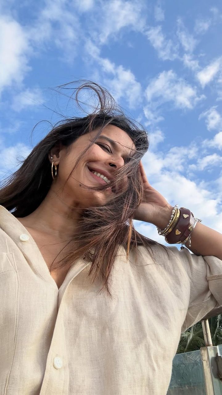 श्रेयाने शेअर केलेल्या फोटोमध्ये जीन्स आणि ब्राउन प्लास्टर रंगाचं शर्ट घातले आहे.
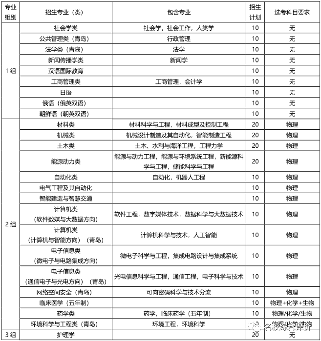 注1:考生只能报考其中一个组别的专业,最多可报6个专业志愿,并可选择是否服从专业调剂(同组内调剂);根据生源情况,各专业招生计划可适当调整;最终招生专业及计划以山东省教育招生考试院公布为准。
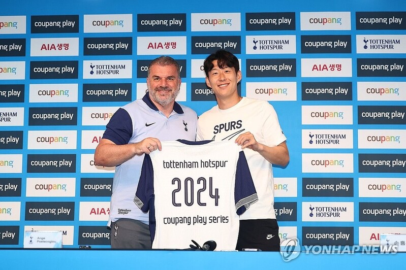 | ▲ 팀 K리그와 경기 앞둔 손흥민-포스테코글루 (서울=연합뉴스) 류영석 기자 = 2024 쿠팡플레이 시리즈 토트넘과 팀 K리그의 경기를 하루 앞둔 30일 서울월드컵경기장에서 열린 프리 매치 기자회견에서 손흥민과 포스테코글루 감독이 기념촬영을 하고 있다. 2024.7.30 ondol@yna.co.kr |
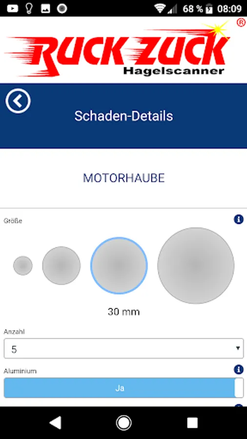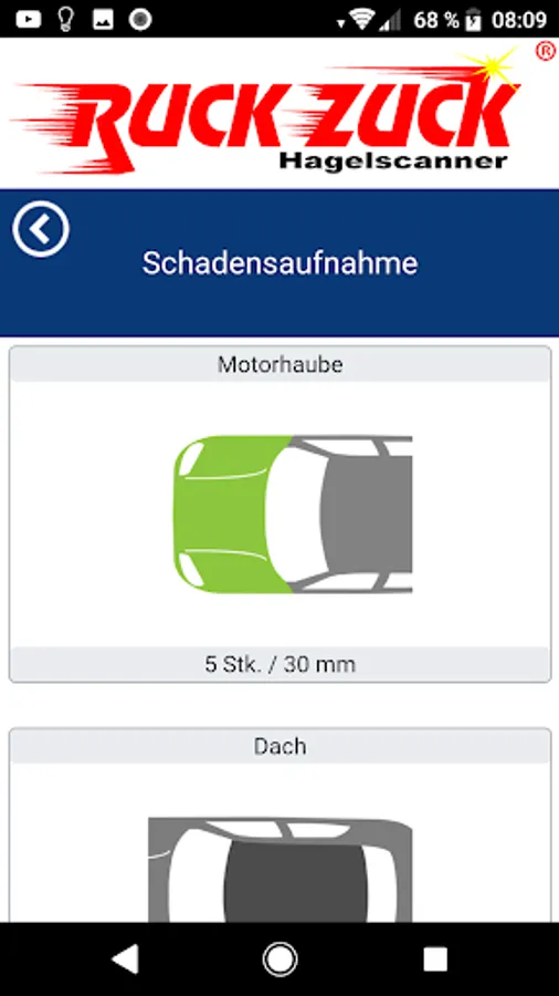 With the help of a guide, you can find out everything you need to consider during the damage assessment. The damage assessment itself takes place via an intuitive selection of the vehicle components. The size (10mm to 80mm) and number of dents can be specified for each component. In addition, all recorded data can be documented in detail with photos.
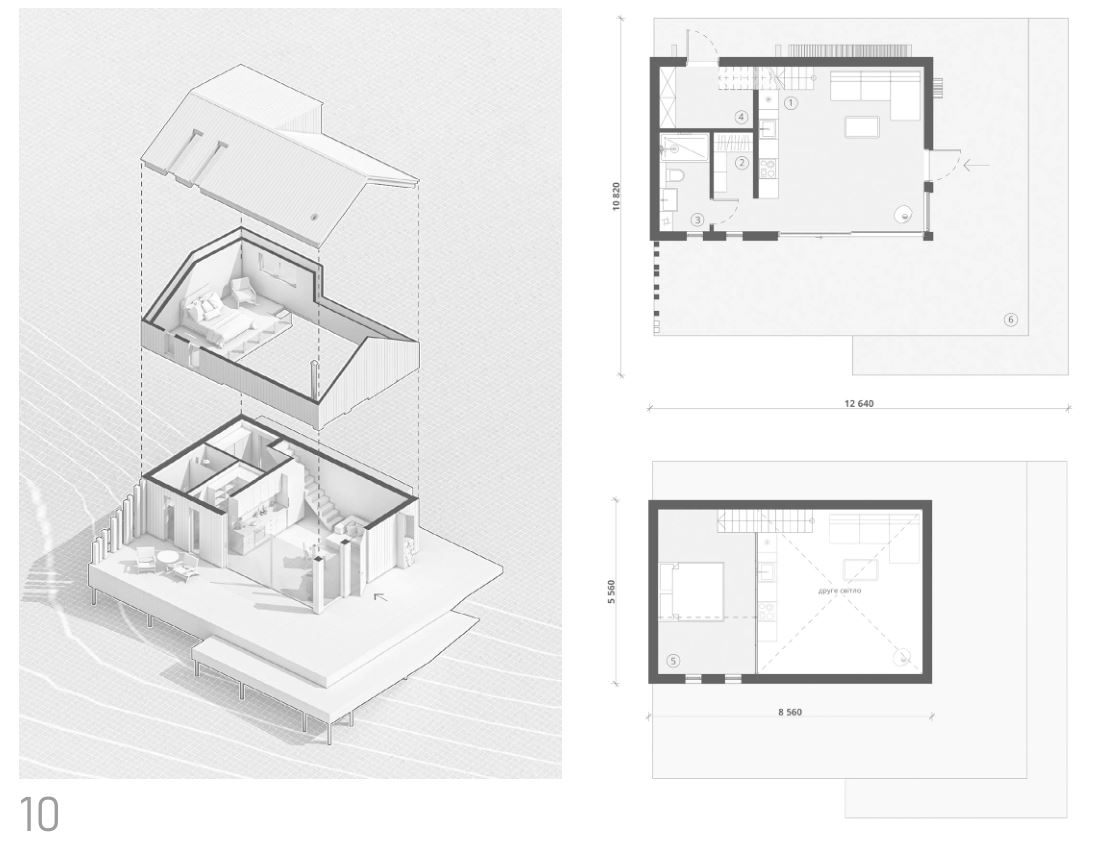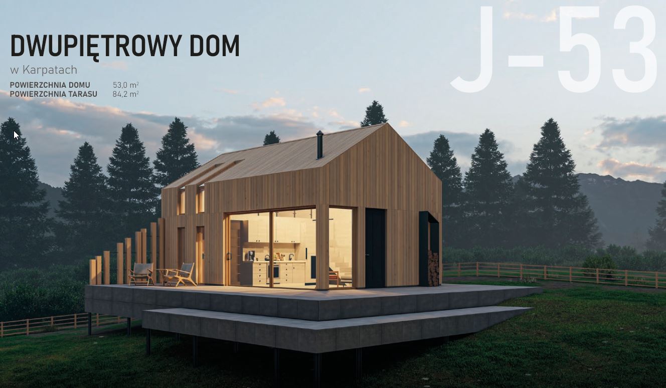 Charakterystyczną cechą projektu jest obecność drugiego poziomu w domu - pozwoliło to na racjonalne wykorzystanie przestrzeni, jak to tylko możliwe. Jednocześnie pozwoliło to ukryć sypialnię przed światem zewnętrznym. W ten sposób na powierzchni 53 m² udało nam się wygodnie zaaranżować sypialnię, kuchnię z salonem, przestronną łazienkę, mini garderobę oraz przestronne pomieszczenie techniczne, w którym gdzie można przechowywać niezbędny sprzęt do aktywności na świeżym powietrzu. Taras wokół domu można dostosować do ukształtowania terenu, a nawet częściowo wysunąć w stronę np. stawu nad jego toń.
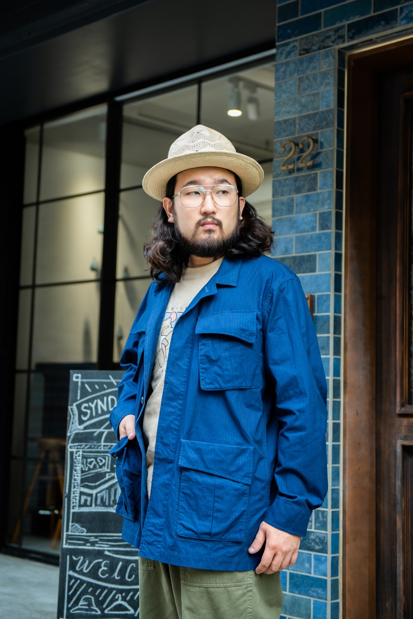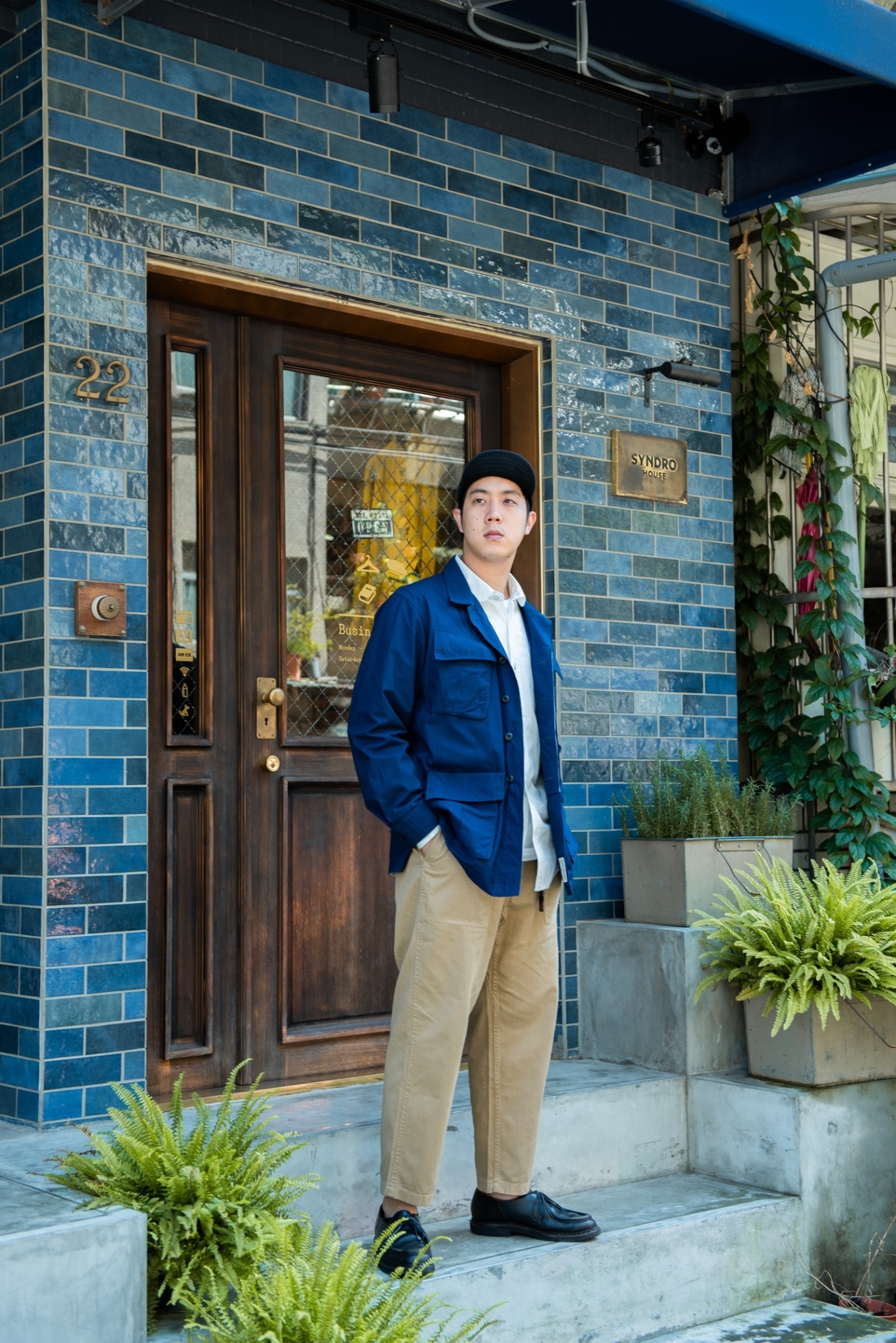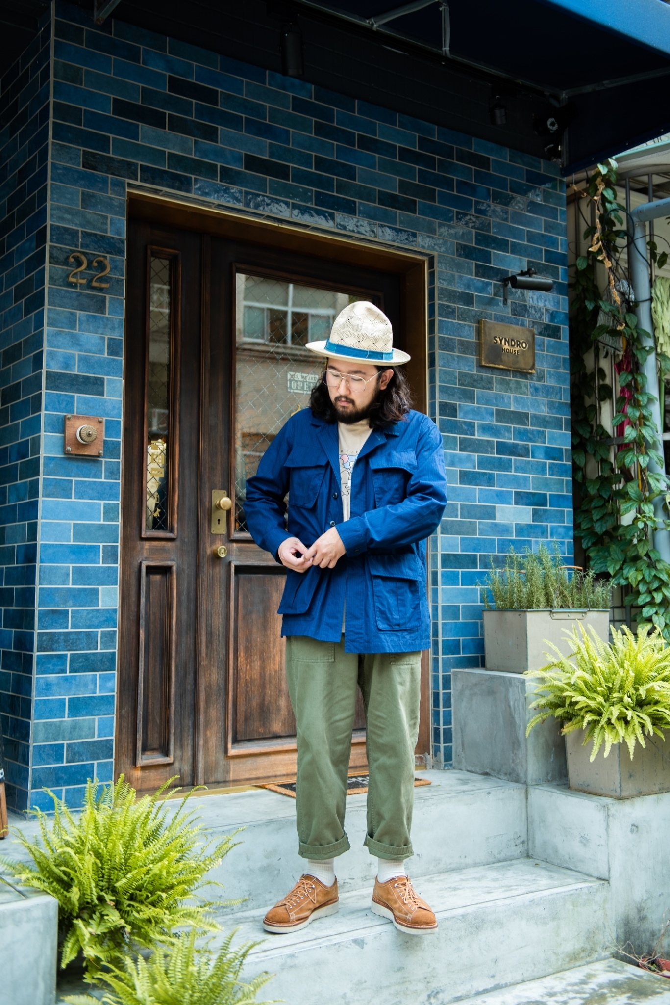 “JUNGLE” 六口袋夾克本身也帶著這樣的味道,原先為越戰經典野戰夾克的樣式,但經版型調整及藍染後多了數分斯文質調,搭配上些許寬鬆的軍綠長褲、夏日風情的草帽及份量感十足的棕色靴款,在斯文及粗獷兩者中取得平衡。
----------
▸ **TASK STATEMENT**
Copy out each record word for word and omit any pictures.

▸ **WRITTEN SOLUTION**
 श्रेयाने शेअर केलेल्या फोटोमध्ये जीन्स आणि ब्राउन प्लास्टर रंगाचं शर्ट घातले आहे.
 注1:考生只能报考其中一个组别的专业,最多可报6个专业志愿,并可选择是否服从专业调剂(同组内调剂);根据生源情况,各专业招生计划可适当调整;最终招生专业及计划以山东省教育招生考试院公布为准。
 | ▲ 팀 K리그와 경기 앞둔 손흥민-포스테코글루 (서울=연합뉴스) 류영석 기자 = 2024 쿠팡플레이 시리즈 토트넘과 팀 K리그의 경기를 하루 앞둔 30일 서울월드컵경기장에서 열린 프리 매치 기자회견에서 손흥민과 포스테코글루 감독이 기념촬영을 하고 있다. 2024.7.30 ondol@yna.co.kr |
 With the help of a guide, you can find out everything you need to consider during the damage assessment. The damage assessment itself takes place via an intuitive selection of the vehicle components. The size (10mm to 80mm) and number of dents can be specified for each component. In addition, all recorded data can be documented in detail with photos.
 Charakterystyczną cechą projektu jest obecność drugiego poziomu w domu - pozwoliło to na racjonalne wykorzystanie przestrzeni, jak to tylko możliwe. Jednocześnie pozwoliło to ukryć sypialnię przed światem zewnętrznym. W ten sposób na powierzchni 53 m² udało nam się wygodnie zaaranżować sypialnię, kuchnię z salonem, przestronną łazienkę, mini garderobę oraz przestronne pomieszczenie techniczne, w którym gdzie można przechowywać niezbędny sprzęt do aktywności na świeżym powietrzu. Taras wokół domu można dostosować do ukształtowania terenu, a nawet częściowo wysunąć w stronę np. stawu nad jego toń.
 “JUNGLE” 六口袋夾克本身也帶著這樣的味道,原先為越戰經典野戰夾克的樣式,但經版型調整及藍染後多了數分斯文質調,搭配上些許寬鬆的軍綠長褲、夏日風情的草帽及份量感十足的棕色靴款,在斯文及粗獷兩者中取得平衡。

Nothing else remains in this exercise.